== Task to carry out ==
Nothing but the lines below from the first through the one with "Men 5 Blade" should appear, printed exactly; please leave pictures out.
** Material shown follows **
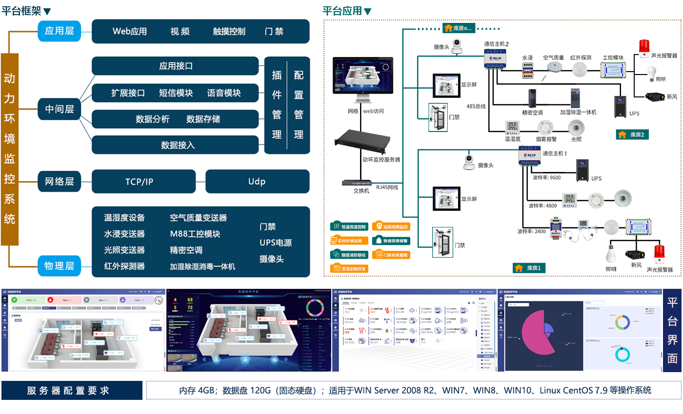 動力環境監控系統主要由設備層(溫濕度變送器、水浸變送器、光照變送器、紅外探測器、空氣質量變送器、M88工控模塊、精密空調、加濕除濕消毒一體機、UPS電源、攝像頭、門禁及其它測控設備)、管理裝置、局域網服務器、采集計算機、數據服務器、Web服務器及監控管理軟件等構成。系統設計采用先進的軟硬件技術和分層分布式網絡結構,針對客戶的實際情況提供解決方案,是廣大企業提高科學倉儲水平的好幫手。
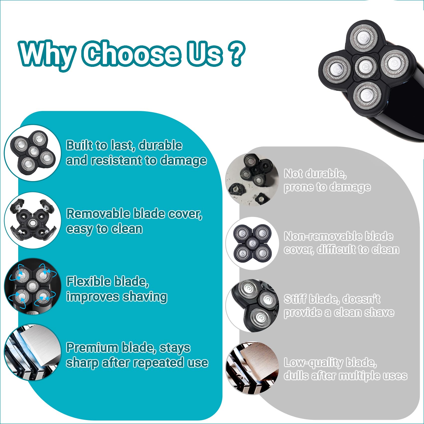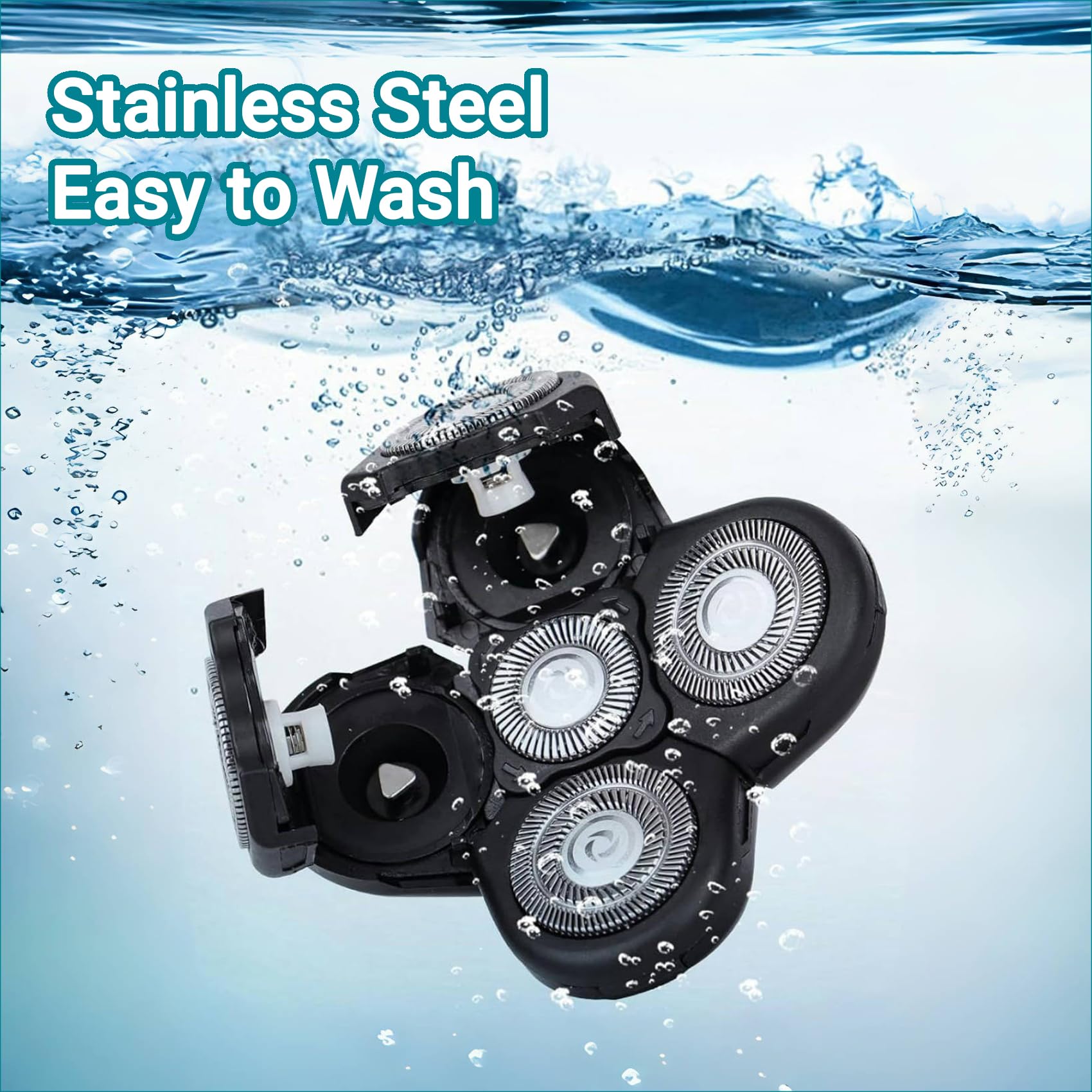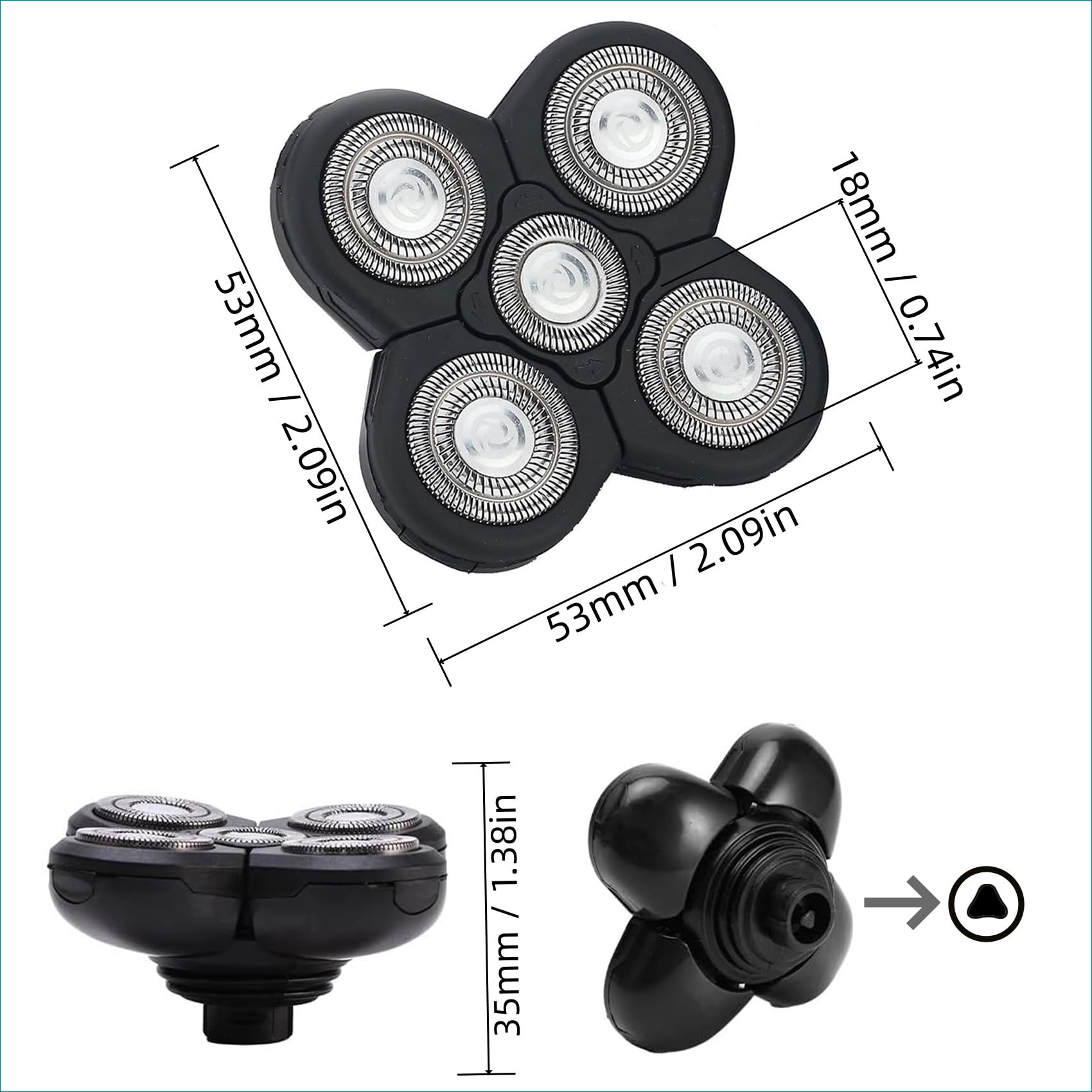 Men 5 Blade Rotary Razor 5D Replacement Head, Alternate Floating Washable Electric Shavers Trimmer Electric Shaving Head (Black-2Pcs)
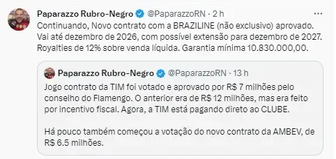 Para fechar os valores de R$ 24,3 milhões, o terceiro vínculo selado foi com a Braziline, que desses será o que vai gerar a maior quantia ao Flamengo. “Continuando, novo contrato com a BRAZILINE (não exclusivo) aprovado. Vai até dezembro de 2026, com possível extensão para dezembro de 2027. Royalties de 12% sobre venda líquida. Garantia mínima 10.830.000,00”.
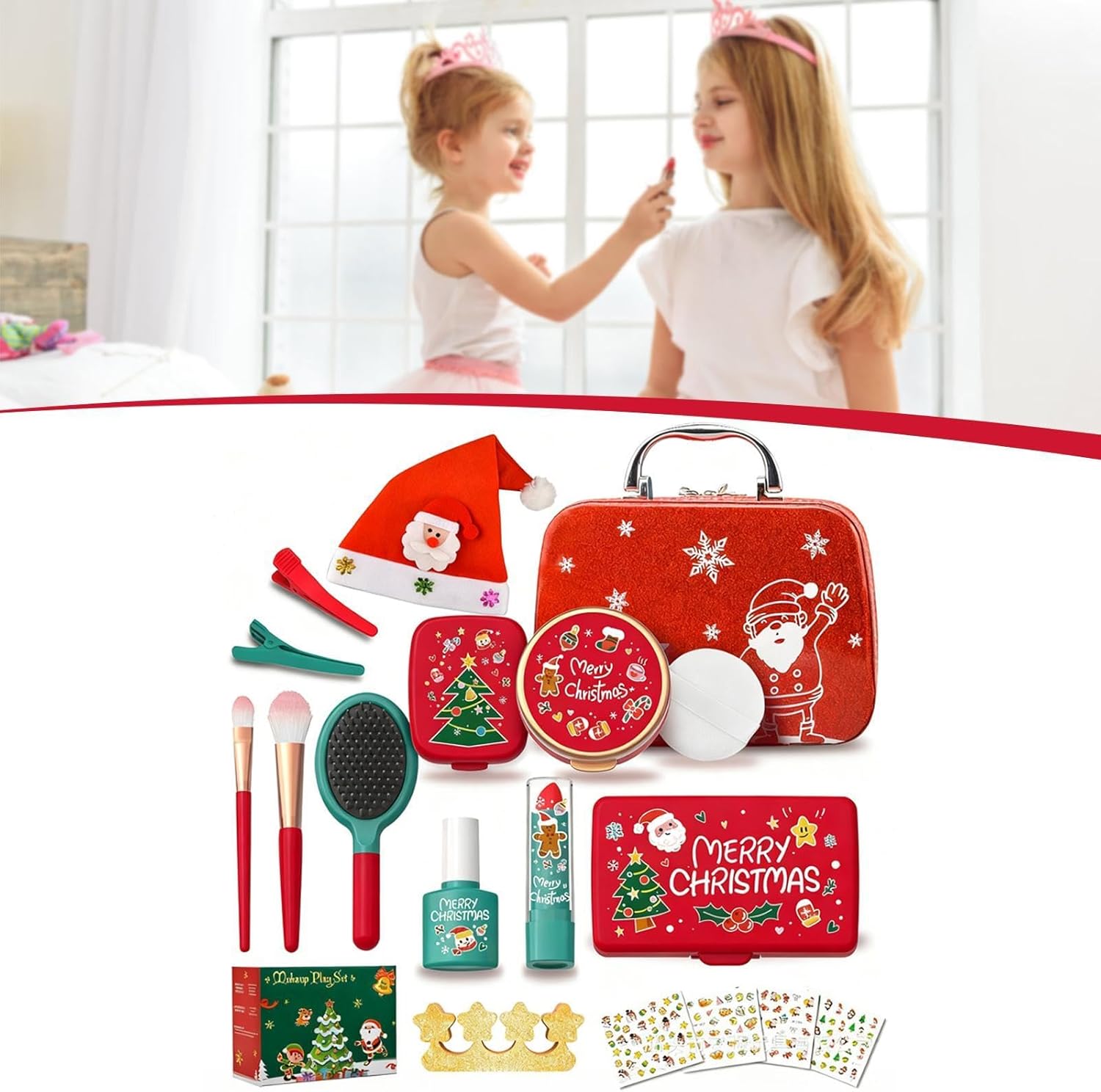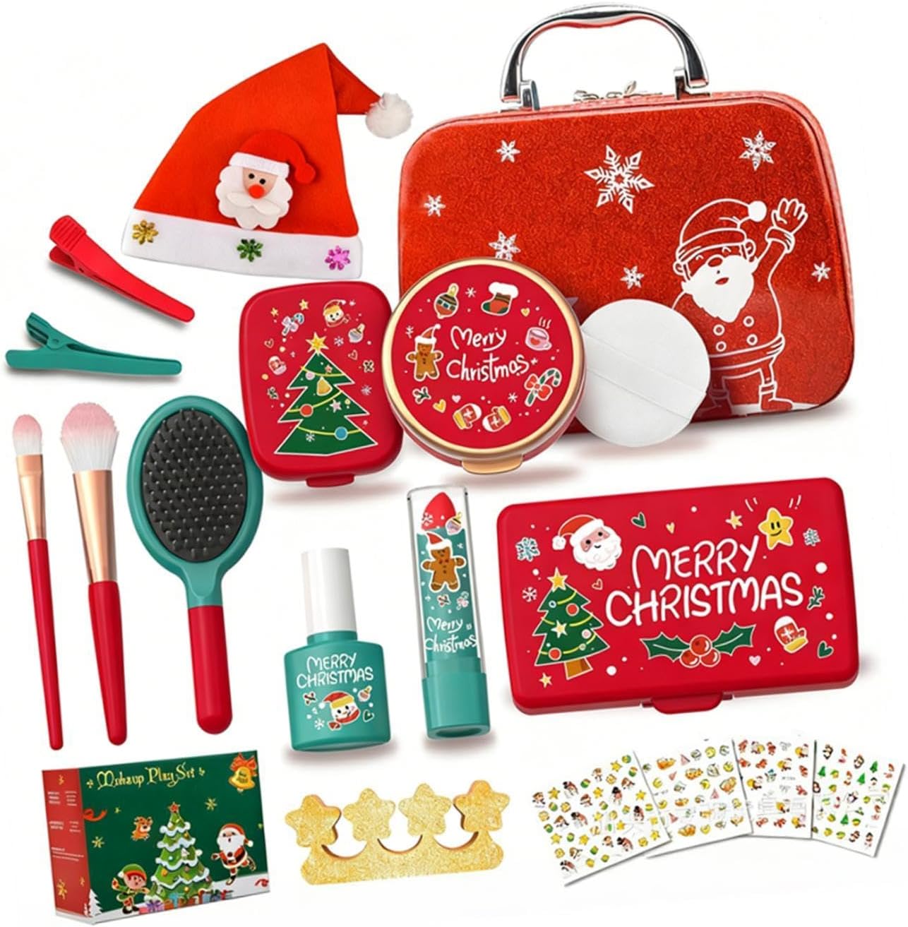 【Materiale】: Realizzato in PP di qualità, ogni pezzo è leggero e costruito per resistere al gioco entusiasta, garantendo durata per i bambini piccoli 【Design realistico】Progettato con dettagli vividi e realistici, il giocattolo per il trucco sembra un vero trucco, stimolando la creatività e l'immaginazione del tuo bambino 【Incoraggia la creatività】: giocare con kit cosmetici finti aiuta a sviluppare le capacità motorie fini, la coordinazione occhio-mano e le abilità sociali del tuo bambino attraverso giochi di ruolo e giochi interattivi 【Custodia portatile】: questo kit per il trucco finto è facile da riporre o da portare con sé per appuntamenti di gioco, viaggi o riunioni di famiglia 【Set di trucco natalizio festivo】: questo kit di trucco finto è progettato appositamente per i bambini, con un allegro tema natalizio e una confezione, ottimo come regalo per le vacanze e per il gioco festivo
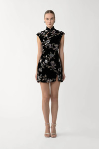 The Devon Velvet Dress is a cheongsam-inspired silhouette crafted from silk-blend velvet. Featuring a mandarin collar and a hand-tied pipa knot at the neckline, it's a clean interpretation of traditional structure in a modern cut. SIZE & FIT • Fits true to size, take your normal size • Fully lined • Length (collar to hem): size 00 to size 0 - 31.9", size 2 - 32.7", size 4 - 33.1", size 6 - 33.5", size 8 - 33.9", size 10 to size 14 - 34.3" • Model's measurements: height 5'9" bust 32.5" waist 23.5" hips 35" • Model is wearing size 2 MATERIAL & CARE • Shell - 100% Silk • Lining - 97% Polyester, 3% Spandex • Garment Care: Hand wash separately or dry clean
** End of Material shown **
== Exercise response ==
 動力環境監控系統主要由設備層(溫濕度變送器、水浸變送器、光照變送器、紅外探測器、空氣質量變送器、M88工控模塊、精密空調、加濕除濕消毒一體機、UPS電源、攝像頭、門禁及其它測控設備)、管理裝置、局域網服務器、采集計算機、數據服務器、Web服務器及監控管理軟件等構成。系統設計采用先進的軟硬件技術和分層分布式網絡結構,針對客戶的實際情況提供解決方案,是廣大企業提高科學倉儲水平的好幫手。
 Men 5 Blade Rotary Razor 5D Replacement Head, Alternate Floating Washable Electric Shavers Trimmer Electric Shaving Head (Black-2Pcs)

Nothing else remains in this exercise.